**DIRECTIONS**: Your task is to retype, word for word, the lines from the start of the data through the line holding "Säljer en snygg". Do not include the pictures.

[[ MATERIAL PROVIDED open ]]

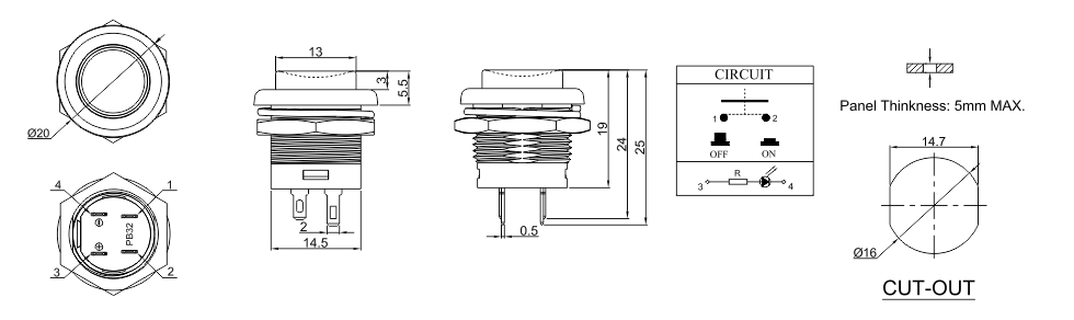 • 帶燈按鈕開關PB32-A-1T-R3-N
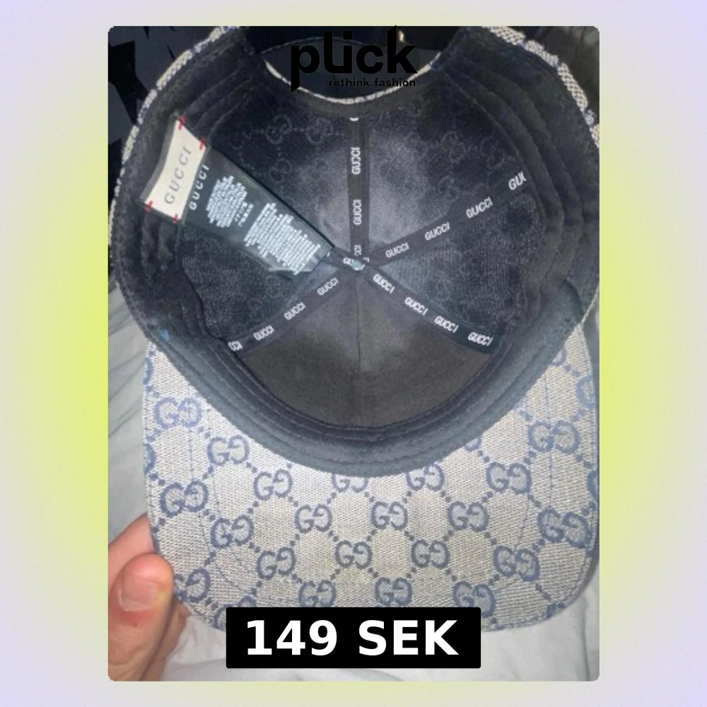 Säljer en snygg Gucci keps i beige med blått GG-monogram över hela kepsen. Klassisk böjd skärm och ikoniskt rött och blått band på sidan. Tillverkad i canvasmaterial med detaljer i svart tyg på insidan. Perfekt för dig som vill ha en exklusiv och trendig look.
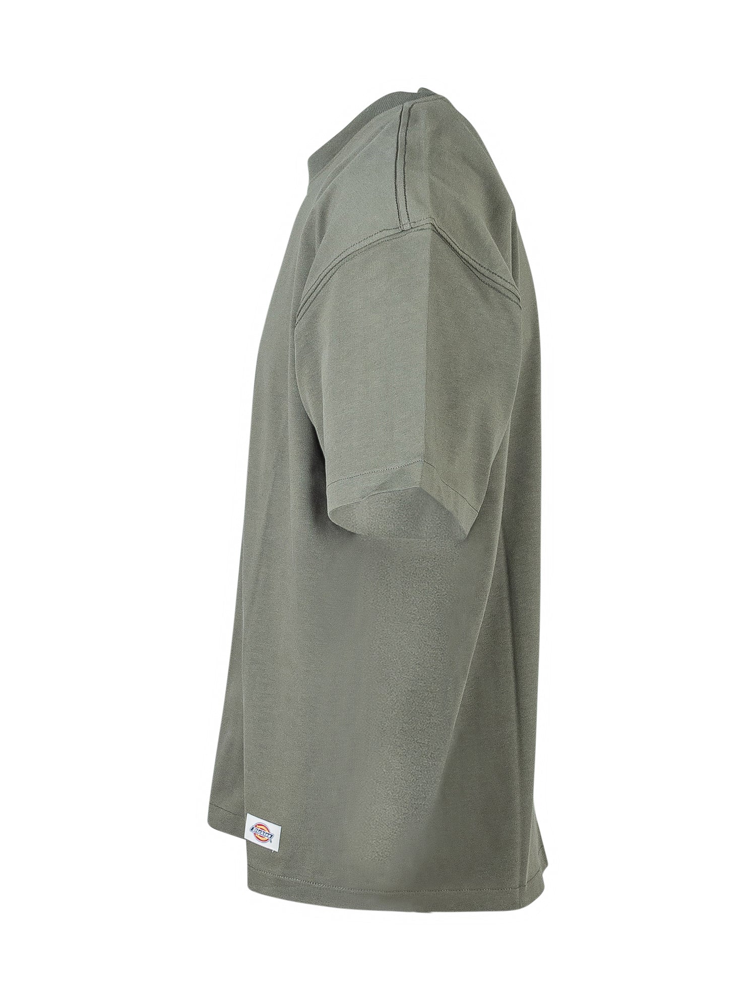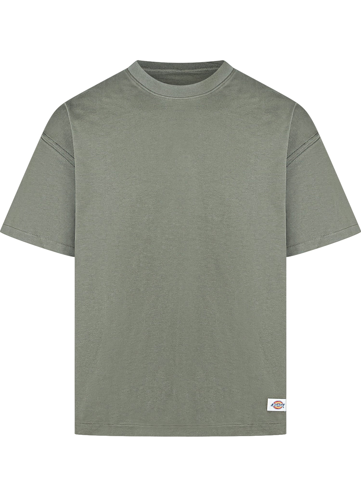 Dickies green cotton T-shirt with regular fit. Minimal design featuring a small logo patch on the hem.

[[ MATERIAL PROVIDED closed ]]

**RESULT BELOW**:
 • 帶燈按鈕開關PB32-A-1T-R3-N
 Säljer en snygg Gucci keps i beige med blått GG-monogram över hela kepsen. Klassisk böjd skärm och ikoniskt rött och blått band på sidan. Tillverkad i canvasmaterial med detaljer i svart tyg på insidan. Perfekt för dig som vill ha en exklusiv och trendig look.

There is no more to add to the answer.